VH: Affordability is often quoted as a serious barrier to RIOs. What do brokers need to do to get over these obstacles?

AP: Okay, so the first thing I can tell you is that 52 per cent of all of the business we’ve written has been for single applicants. Okay, of our single applicants, 61 per cent of those are female. So, what that tells me is that there are a lot of older, single for whatever reason, choice or circumstance women out there who need this solution to help them. You can also write a term insurance policy to bridge the gap. Now, obviously, you know you have to factor in the premium and people say it’s always more expensive for older people. Yes, it is always more expensive for older people, but it can be the difference that can get the deal over the line. The average age of our female applicants is 69 years of age. Once you get into the stride of actually not being frightened to say tell me a bit about your pension. Let’s go to the government gateway to see how much state pension you will get and see when you’ll get it. What other assets do you have? If you have a buy-to-let property we consider that an asset. Just helping people ask the right sorts of questions can drive an absolutely brilliant outcome for people. Our oldest customer is 92 years of age. She’s a lady who we helped purchase her flat so that she didn’t have to go into rented accommodation.

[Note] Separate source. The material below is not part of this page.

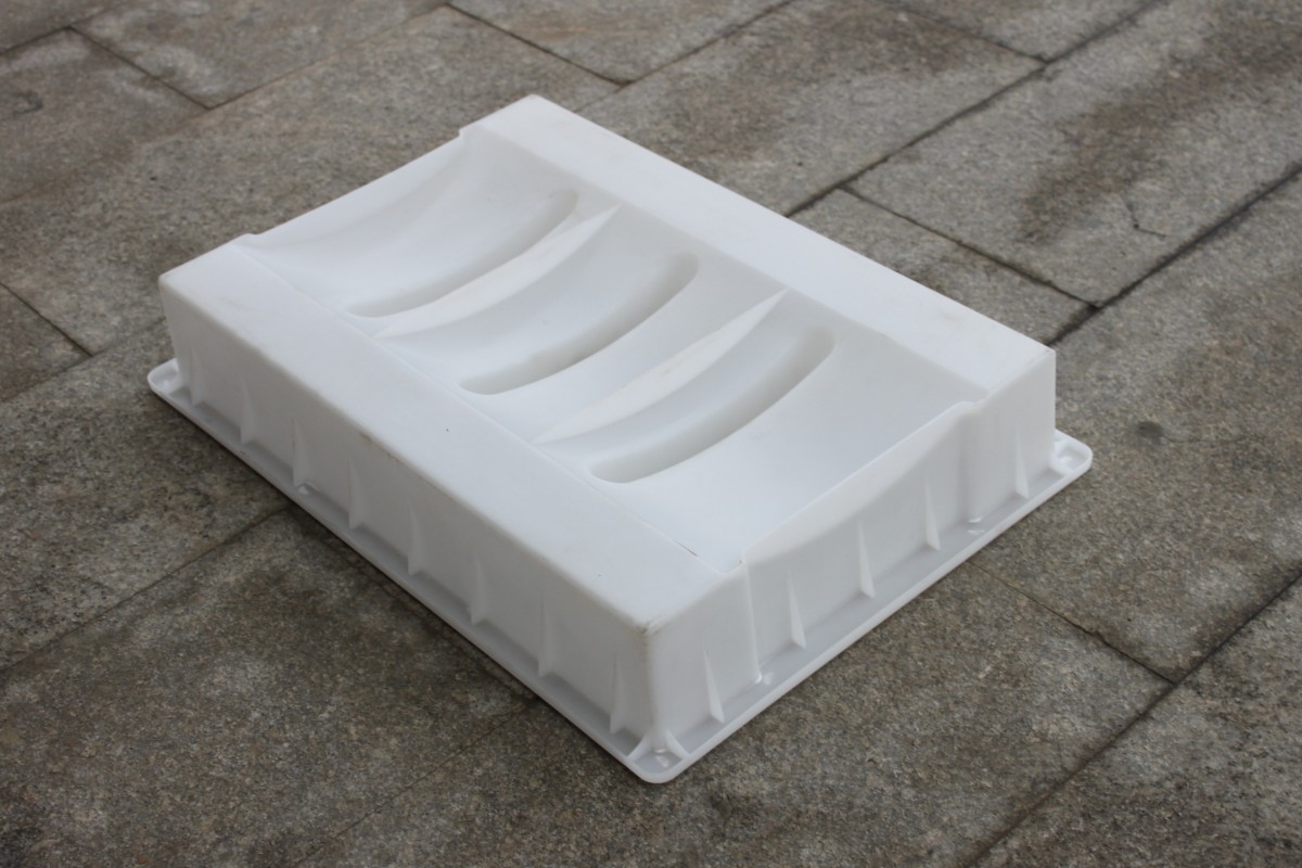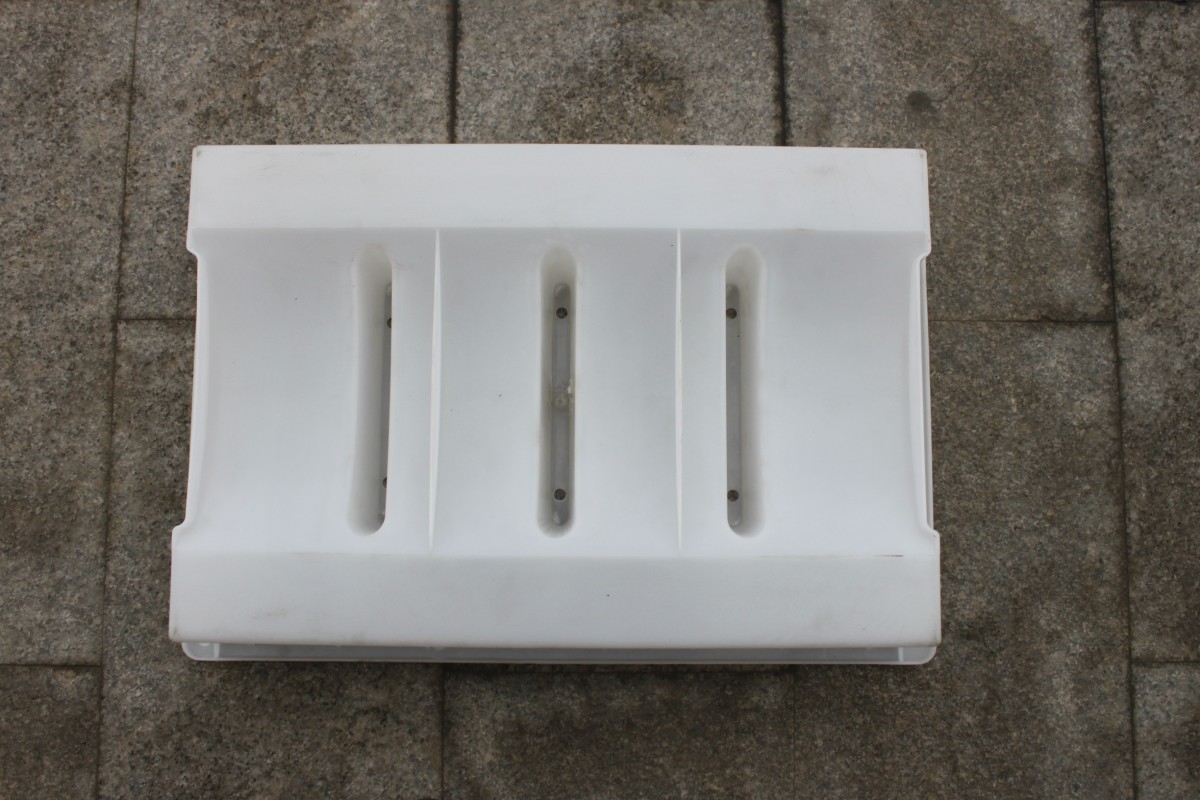塑料排水蓋板模具采用PP聚丙烯材質注塑加工工藝,主要設計結構以三孔流水結構,排水蓋板成品圓弧內凹設計,更加方便溝渠等泄水排水。在排水蓋板模具的周邊采用了加強筋設計,使得蓋板模具在水泥產品脫模過程中更加牢固及穩定。

VH: What issues do you think are going to be critical for brokers overall this year?

AP: Taking care of your client base, making sure you’ve got the tools in place for that. There’s lots to talk about on technology and the single customer view and how that’s all going to work. It’ll be interesting to see how it plays out. Because there’s one side of the equation which is you know, we’ve got all of this tech available and the brokers need to avail themselves of it. The other side of the equation is always can the lenders facilitate joining those things up? Meanwhile, where’s the purchase market going? Prices are going up and up and up and wages are not keeping pace with the remortgage market. Managing recruitment and resource is another major challenge. That was definitely one of our key findings when we undertook our recent recruitment. It’s a championship challenge to make sure you find them and keep the really good ones, so I think recruitment in the broker markets is going to be a big thing. Also, we’re pushing out wider geographically in the next few months. That’s part of our orientation towards making £200m of sales this year.